これも愛ある後輩いじりだ。将棋界の早指し団体戦「第5回ABEMAトーナメント」の予選Bリーグ第2試合、チーム菅井とチーム斎藤の対戦が5月21日に放送されたが、この中でチーム菅井の久保利明九段(46)が両チームの若手棋士たちとの思い出を語るシーンが映された。チームリーダー菅井竜也八段(30)とは付き合いも長いが、小学生時代の出会いについて「一切覚えてない」と笑って明かし、ファンの爆笑を誘った。
久保九段は関西出身の振り飛車党。タイトルも棋王3期、王将4期の計7期を獲得しており、振り飛車を指す若手であれば一度は憧れるような存在だ。「捌きのアーティスト」という異名を持つが、最近では口元にたくわえたひげの効果もあってか、ダンディーな様子がファンの好評を得ている。
最初に思い出を語り始めたのは菅井八段の方だった。久保九段の対局をチームメイトの佐藤和俊七段(43)と見守りながら「久保先生には中学生くらいの時に初めて指してもらったんです。僕が奨励会初段の時です」と話し始めた。菅井八段も同じく振り飛車を使いタイトルを獲得、現在は順位戦A級棋士でもある。久保九段の背中、さらには棋譜を見て、もっと強くなりたいと思っていたことだろう。
ところが“後手”の久保九段から出てきた言葉は、まるで正反対。菅井八段の対局を見ている最中「小学生名人の決勝で解説していてさ」と佐藤七段と雑談を始めると「佐々木君の応援に石田先生が控室に応援に来ていたのが、すごく印象に残っている」と、対戦者であるチーム斎藤・佐々木勇気七段(27)のことを、その師匠である石田和雄九段(75)が熱心に応援していたというエピソードを紹介した。さらには「菅井竜也のことは一切覚えてない。『サイン、もらいましたけど』って言っていたけど覚えてない」とニヤリとした。

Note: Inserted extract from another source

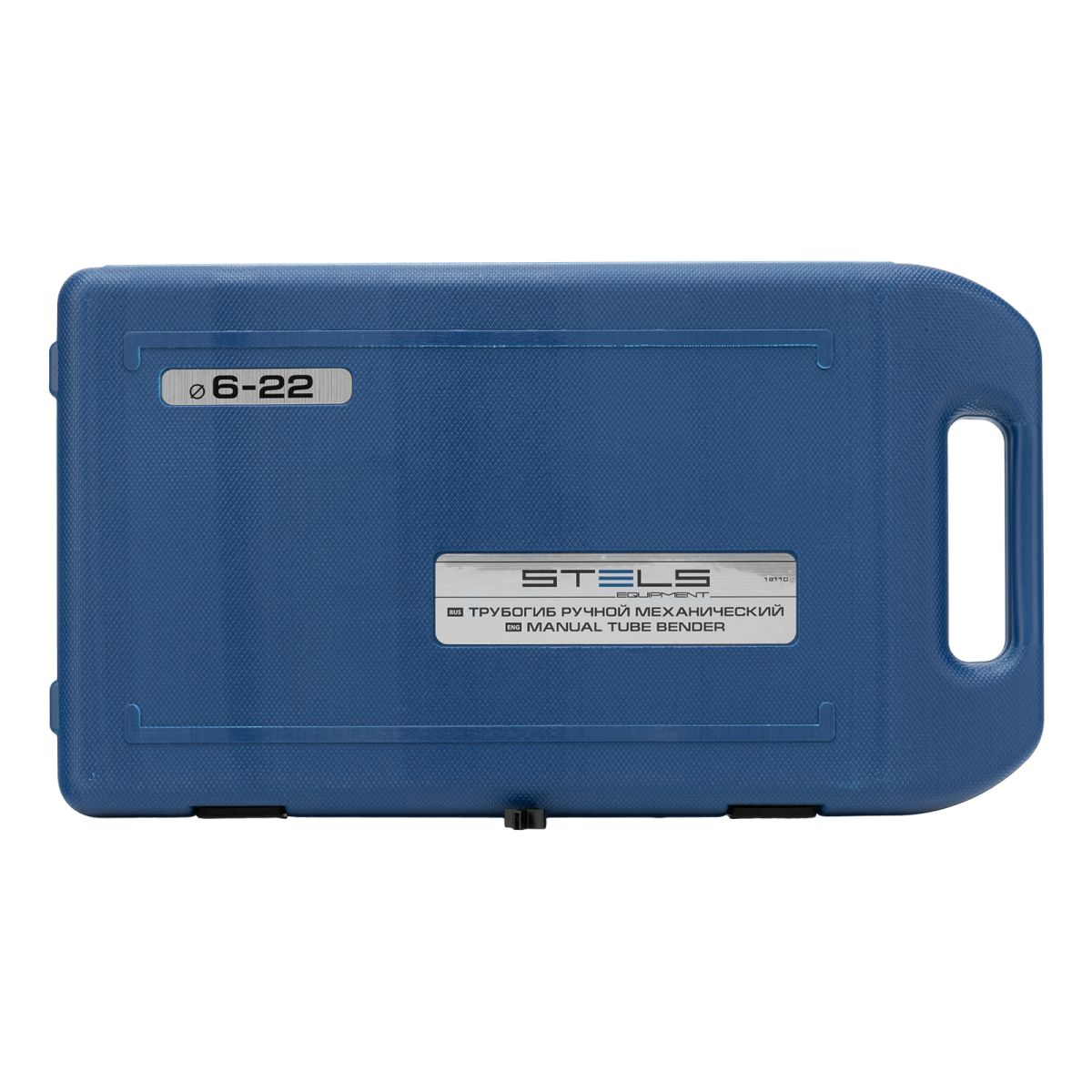 Ручной механический трубогиб Stels 18110 с башмаками 1/4"–7/8", в пластиковом кейсе, используется для установки любых типов трубопроводов. Обеспечивает точный и плавный изгиб отожженных труб из меди с покрытием и без, а также комбинированных металлопластиковых. Способен сгибать трубы под углом до 90°.

第3回大会、リーダーだった久保九段は菅井八段をドラフト会議で指名、今回は逆に菅井八段が久保九段を指名するという仲のよさもわかるネタに、ファンからは「昔話いいなあw」「凄い思い出」「忘れられた菅井」「久保さんが解説だったんだ」「覚えてないんかいww」といった笑いの声が聞かれていた。
◆第5回ABEMAトーナメント 第1、2回は個人戦、第3回からは3人1組の団体戦として開催。ドラフト会議で14人のリーダー棋士が2人ずつ指名。残り1チームは、指名を漏れた棋士がトーナメントを実施、上位3人がチームとなり全15チームで戦う。対局は持ち時間5分、1手指すごとに5秒加算のフィッシャールールで行われる。チームの対戦は予選リーグ、本戦トーナメント通じて5本先取の9本勝負。予選は3チームずつ5リーグに分かれて実施。上位2チーム、計10チームが本戦トーナメントに進む。優勝賞金は1000万円。